An open-source Python framework for building production-ready LLM pipelines — RAG systems, agents, and document processing workflows — with a composable component-based architecture.
Haystack (by deepset) is a framework for building modular LLM applications. Its core abstraction is the Pipeline: a directed acyclic graph of Components that process inputs and pass outputs to downstream components. Components include document converters, text splitters, embedders, retrievers, LLM generators, and output parsers. Pipelines are declaratively defined and can be serialised to YAML.
Every component has typed inputs and outputs. The pipeline connects them: component A's output named 'documents' feeds into component B's input named 'documents'. Pipelines can branch (route to different components based on conditions) and merge (aggregate outputs from multiple branches). This makes complex workflows like hybrid retrieval + reranking + generation easy to express.
from haystack import Pipeline
from haystack.components.retrievers.in_memory import InMemoryBM25Retriever
from haystack.components.builders import PromptBuilder
from haystack.components.generators import OpenAIGenerator
from haystack.document_stores.in_memory import InMemoryDocumentStore
# Setup
store = InMemoryDocumentStore()
# Index documents (omitted for brevity)
# Build query pipeline
rag = Pipeline()
rag.add_component("retriever", InMemoryBM25Retriever(document_store=store))

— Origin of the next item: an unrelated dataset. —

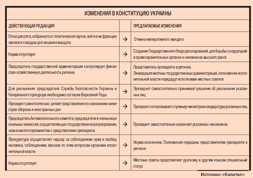 Копию законопроекта, анонсированного главой государства, «Капиталу» удалось получить в Администрации президента. Документ, который предлагает изменения в 19 статей Основного закона, имеет небольшие отличия от рабочей версии, розданной в начале прошлой недели лидерам фракций. Но основные положения остались прежними — децентрализация власти, усиление президентского влияния на силовые министерства и упрощение формирования парламентской коалиции.

rag.add_component("prompt_builder", PromptBuilder(
template="Context: {%for doc in documents%}{{doc.content}}{%endfor%}\nQuestion: {{question}}\nAnswer:"
))
rag.add_component("llm", OpenAIGenerator(model="gpt-4o-mini"))
rag.connect("retriever", "prompt_builder.documents")
rag.connect("prompt_builder", "llm")
result = rag.run({"retriever": {"query": "What is RAG?"}, "prompt_builder": {"question": "What is RAG?"}})
print(result["llm"]["replies"][0])
Haystack integrates with: InMemory (dev/test), OpenSearch, Elasticsearch, Weaviate, Qdrant, Pinecone, pgvector, and Chroma. Switch backends by swapping the DocumentStore and its paired Retriever — the rest of the pipeline is unchanged. Each store supports both sparse (BM25) and dense (vector) retrieval.
Haystack 2.x supports agents via the Agent component that wraps any LLM with tool-calling capabilities. Tools are defined as Python functions with docstrings describing their parameters. The agent loop runs until no more tool calls are needed. Combine with custom components for specialised tool implementations.
Choose Haystack when: you want a mature, production-tested RAG framework, you need flexible pipeline topologies (branching, merging), or you want YAML-configurable deployable pipelines. Avoid if: you need deep LangChain ecosystem integrations, or your workflow is simple enough that a direct API call suffices.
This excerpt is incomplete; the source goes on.